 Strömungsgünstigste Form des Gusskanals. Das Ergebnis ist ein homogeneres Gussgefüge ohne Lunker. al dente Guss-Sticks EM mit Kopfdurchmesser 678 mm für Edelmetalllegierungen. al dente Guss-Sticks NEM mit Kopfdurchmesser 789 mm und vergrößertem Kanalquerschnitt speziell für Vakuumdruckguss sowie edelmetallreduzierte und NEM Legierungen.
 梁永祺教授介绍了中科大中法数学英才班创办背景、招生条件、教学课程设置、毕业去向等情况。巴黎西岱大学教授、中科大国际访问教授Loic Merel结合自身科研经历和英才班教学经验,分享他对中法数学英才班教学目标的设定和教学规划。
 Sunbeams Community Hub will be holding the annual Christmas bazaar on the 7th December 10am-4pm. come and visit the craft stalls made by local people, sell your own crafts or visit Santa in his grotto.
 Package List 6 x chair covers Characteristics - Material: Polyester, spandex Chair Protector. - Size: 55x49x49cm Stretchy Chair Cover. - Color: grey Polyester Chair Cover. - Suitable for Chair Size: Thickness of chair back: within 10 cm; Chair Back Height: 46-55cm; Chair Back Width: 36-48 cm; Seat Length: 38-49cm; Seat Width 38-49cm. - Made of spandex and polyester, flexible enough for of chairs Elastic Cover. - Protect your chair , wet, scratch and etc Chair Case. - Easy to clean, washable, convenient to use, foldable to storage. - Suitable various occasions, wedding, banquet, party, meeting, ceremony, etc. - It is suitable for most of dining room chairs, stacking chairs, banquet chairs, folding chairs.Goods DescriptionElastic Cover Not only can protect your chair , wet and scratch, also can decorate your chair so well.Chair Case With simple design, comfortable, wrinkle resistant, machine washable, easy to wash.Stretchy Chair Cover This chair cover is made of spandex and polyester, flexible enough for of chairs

--

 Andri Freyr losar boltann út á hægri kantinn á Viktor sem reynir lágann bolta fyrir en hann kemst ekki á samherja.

Task prompt
Begin at the line that has "Strömungsgünstigste Form des" in the entries above; stop after the line that has "Package List 6". Transcribe exactly those lines and no others.

Answer below
 Strömungsgünstigste Form des Gusskanals. Das Ergebnis ist ein homogeneres Gussgefüge ohne Lunker. al dente Guss-Sticks EM mit Kopfdurchmesser 678 mm für Edelmetalllegierungen. al dente Guss-Sticks NEM mit Kopfdurchmesser 789 mm und vergrößertem Kanalquerschnitt speziell für Vakuumdruckguss sowie edelmetallreduzierte und NEM Legierungen.
 梁永祺教授介绍了中科大中法数学英才班创办背景、招生条件、教学课程设置、毕业去向等情况。巴黎西岱大学教授、中科大国际访问教授Loic Merel结合自身科研经历和英才班教学经验,分享他对中法数学英才班教学目标的设定和教学规划。
 Sunbeams Community Hub will be holding the annual Christmas bazaar on the 7th December 10am-4pm. come and visit the craft stalls made by local people, sell your own crafts or visit Santa in his grotto.
 Package List 6 x chair covers Characteristics - Material: Polyester, spandex Chair Protector. - Size: 55x49x49cm Stretchy Chair Cover. - Color: grey Polyester Chair Cover. - Suitable for Chair Size: Thickness of chair back: within 10 cm; Chair Back Height: 46-55cm; Chair Back Width: 36-48 cm; Seat Length: 38-49cm; Seat Width 38-49cm. - Made of spandex and polyester, flexible enough for of chairs Elastic Cover. - Protect your chair , wet, scratch and etc Chair Case. - Easy to clean, washable, convenient to use, foldable to storage. - Suitable various occasions, wedding, banquet, party, meeting, ceremony, etc. - It is suitable for most of dining room chairs, stacking chairs, banquet chairs, folding chairs.Goods DescriptionElastic Cover Not only can protect your chair , wet and scratch, also can decorate your chair so well.Chair Case With simple design, comfortable, wrinkle resistant, machine washable, easy to wash.Stretchy Chair Cover This chair cover is made of spandex and polyester, flexible enough for of chairs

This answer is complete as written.